100 Days to Rio with Paralympics Ireland Sam Barnes / SPORTSFILE Streimikyte was speaking at the launch of Paralympic Ireland's new Rio 2016 Mobile App yesterday. Sam Barnes / SPORTSFILE / SPORTSFILE

Her father noticed a positive attitude towards disability in Ireland, particularly in schools. He believed moving his family to Dublin would give all three of his children a brighter future.

After attending a school for visually impaired students in Lithuania, Streimikyte was thrown in at the deep end, starting in Rosmini Community School in Drumcondra along with her brother and sister [they are triplets].

It was there where her running talent was first spotted.
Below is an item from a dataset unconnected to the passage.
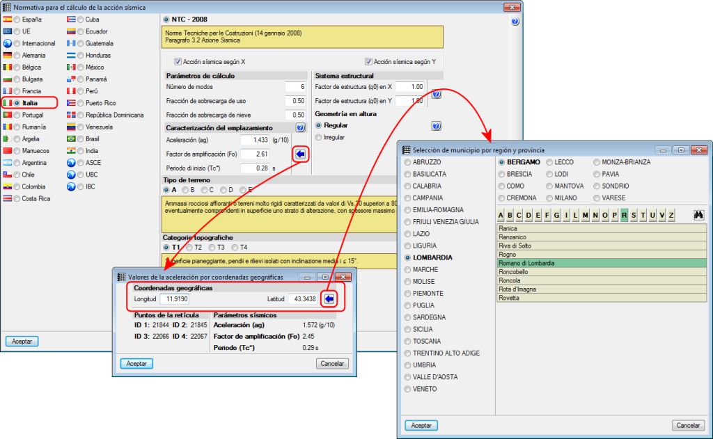 Esta norma ya estaba implementada en CYPECAD y en Nuevo Metal 3D desde la v.2011.e. Ahora se ha facilitado la introducción de los parámetros sísmicos que caracterizan el emplazamiento. El usuario puede indicar las coordenadas geográficas o el municipio al que pertenece dicho emplazamiento, y el programa introduce automáticamente sus parámetros sísmicos (aceleración, factor de amplificación y periodo de inicio).

Remarkably, she hadn’t even contemplated taking it seriously before arriving in Ireland.

“I didn’t join athletics as soon as I came here, it took time to figure everything out,” she said. “So when I met this wonderful person, Eimear O’Brien, and she told me and my PE teacher that I should join the club, Clonliffe Harriers.
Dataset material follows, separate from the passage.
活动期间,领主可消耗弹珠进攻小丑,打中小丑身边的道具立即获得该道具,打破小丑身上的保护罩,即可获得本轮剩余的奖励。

“I met all these great athletes and learned more and more from the great coaches. It was a really good stepping stone for me. Sport connects you together, it doesn’t matter which country you’re from.”
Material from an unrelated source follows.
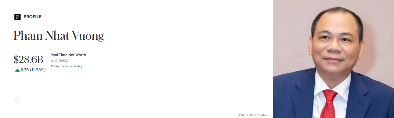 Tỷ phú Phạm Nhật Vượng lọt TOP 80 người giàu nhất Trái Đất

From there, athletics played an integral role in helping Streimikyte find her feet in new surroundings. Sport helped her break down the barriers of fitting into a new society.

“My parents love sport and in my family I was always driven to do some sort of sport. In Lithuania, I was younger, maybe it wasn’t that I wanted to do it [running] at that time but when I came here, I really got into sport.

“I got into the gym and loved running and bit by bit, it takes time when you come to a new place and it takes time to put everything together. By the time I joined a club and everyone introduced me and I learned how everything works here then I kind of started running properly.”

And run properly she does. On Sunday last, Streimikyte catapulted herself into top two in the world in her classification – T13 – with an incredible performance at the AAI Games at Morton Stadium.

A time of 4.50;58 shaved six seconds of her previous best and cemented her place in the Irish squad for next month’s European Championships in Italy and, all going well, Rio.

“It’s brilliant, I still can’t believe it, it’s amazing,” she says of the weekend. “I still can’t believe it but I have to work harder now to get even faster times.

“I really wanted to get it because I wasn’t really happy with my previous race, it was good but it wasn’t good enough for me. But at the weekend I finished it and I asked my time and they told me so I had to ask the person three times because I couldn’t believe it.

“They told me ‘yes, yes’ and I thought ‘Jesus, finally’ because I was working so hard for it and I’m still so, so happy and now I’m excited about another race to come and make it even better.”

With her second year of International Relations completed in DCU, Streimikyte’s focus is now firmly on training and preparing for the big summer which lies ahead.

While many of her classmates will be jetting off on J1s or working holidays around the world, the hard work is only now beginning. For Streimikyte, practice makes perfect.

“I’m a T13 visually impaired,” she adds. “At first I was categorised as T12 but then we went to Italy a month ago and they decided that I have quite a good vision to run in T13.

“T13 means that you run on your own and that’s what I need to do now. It’s all good, it’s all about experience, practice, training, running – you need to do things to be good at it.”